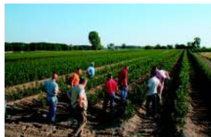
Studienreise Polen. Seite 333.
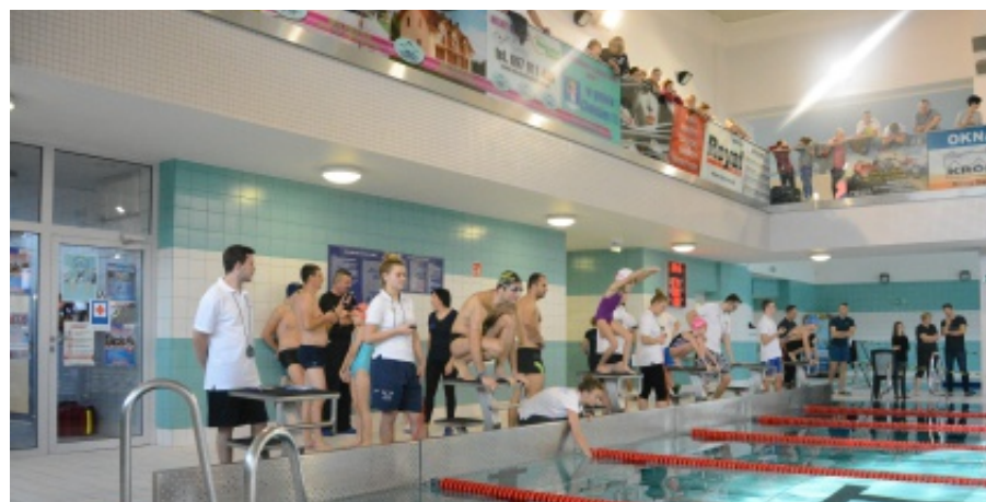
I Zawody Pływackie o Puchar Wójta Gminy Chełmiec

W zawodach brało udział ok. 250 zawodników od najmłodszych 6 latków po rodziców i ich dziadków. Aqua Centrum Chełmiec wypełniony został niezwykle rodzinną atmosferą i zaciętą zdrową rywalizacją w sztafetach rodzinnych. Wszyscy zawodnicy otrzymali dyplomy
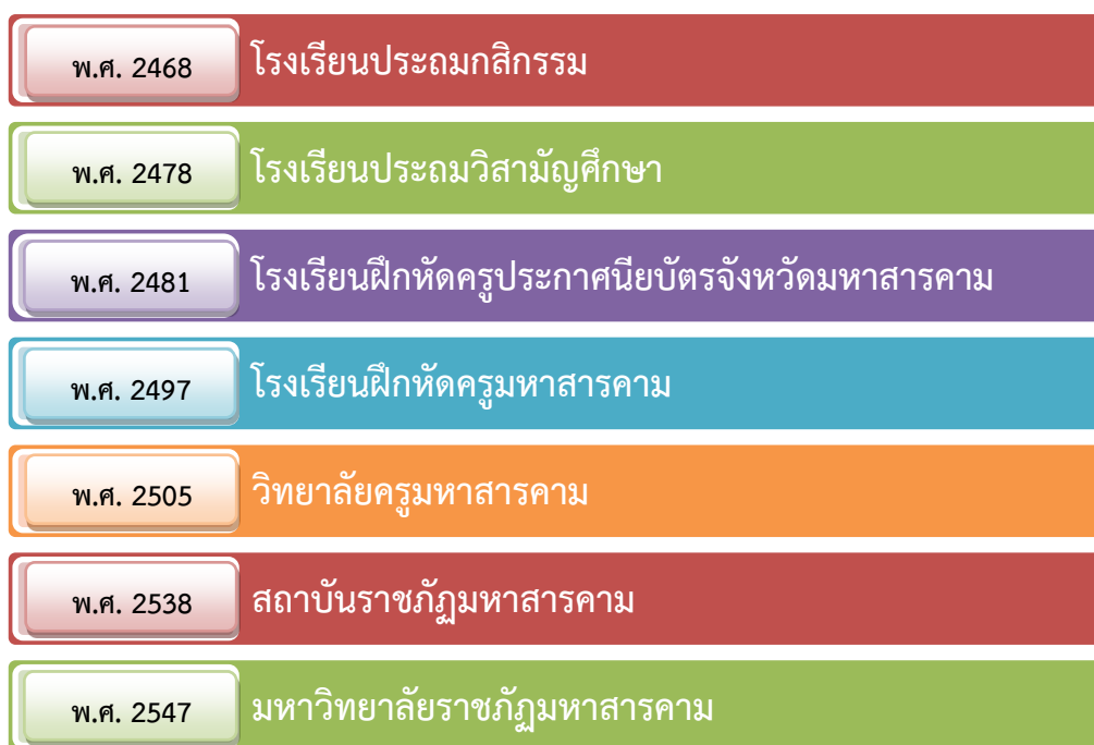
แผนภูมิที่ 1.1 พัฒนาการของมหาวิทยาลัยราชภัฏมหาสารคาม

มหาวิทยาลัยราชภัฏมหาสารคามมีประวัติการก่อตั้งมายาวนานตั้งแต่ปี พ.ศ. 2468 ได้พัฒนาจากโรงเรียนประถมกสิกรรม โรงเรียนประถมวิสามัญศึกษา โรงเรียนฝึกหัดครูประกาศนียบัตรจังหวัดมหาสารคาม โรงเรียนฝึกหัดครูมหาสารคาม วิทยาลัยครูมหาสารคาม สถาบันราชภัฏมหาสารคาม และมหาวิทยาลัยราชภัฏมหาสารคามตามลำดับ ดังแผนภูมิที่ 1.1

• [Your objective] Say how many lines of these records hold the string "ทยาล", giving the number and no other words.

• [Solution for this problem] 2